**SUPPLIED INFORMATION**

┌──

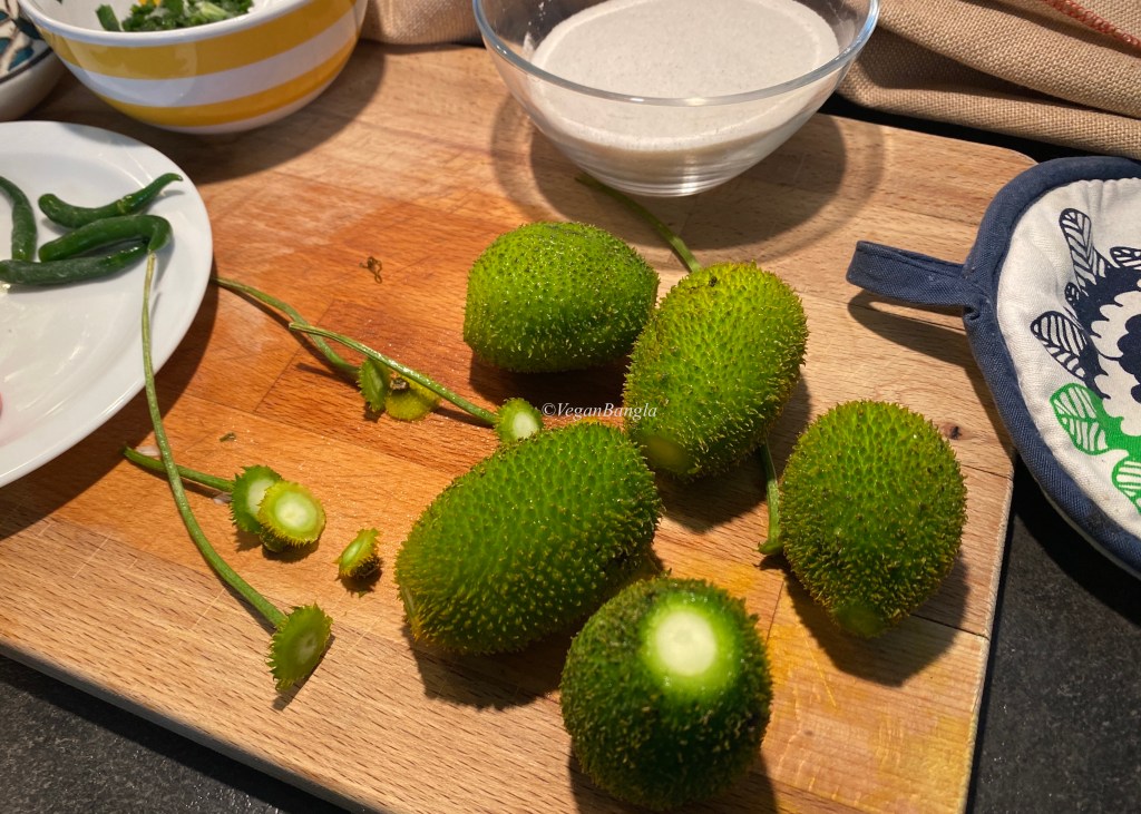 Spiny gourd (Momordica dioica) as we Bangladeshis call it Kakrol, looks and taste very different than many other vegetables in Bangladesh. It is not bitter but taste like cucumber with texture. There’s many recipes of Kakrol but today we are making the stuffed version.
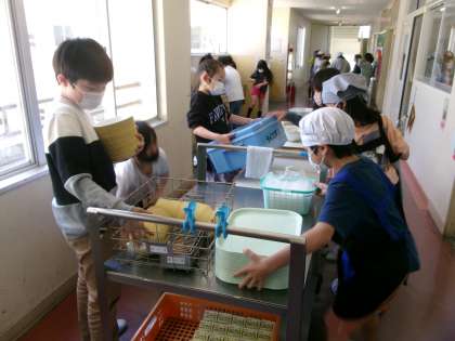 給食準備時には、当番ではない子供たちも積極的に手伝ってくれるすがたが見られます。みんなで協力して早く食べ始められるように頑張っています。
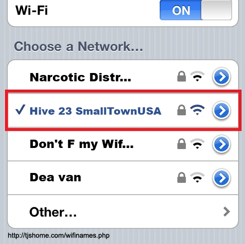 Funny WiFi Name #6738 [Hive 23 SmallTownUSA ]

└──

**TASK BRIEF**
Copy the whole of the material above exactly, but not its images.

**SOLUTION**
 Spiny gourd (Momordica dioica) as we Bangladeshis call it Kakrol, looks and taste very different than many other vegetables in Bangladesh. It is not bitter but taste like cucumber with texture. There’s many recipes of Kakrol but today we are making the stuffed version.
 給食準備時には、当番ではない子供たちも積極的に手伝ってくれるすがたが見られます。みんなで協力して早く食べ始められるように頑張っています。
 Funny WiFi Name #6738 [Hive 23 SmallTownUSA ]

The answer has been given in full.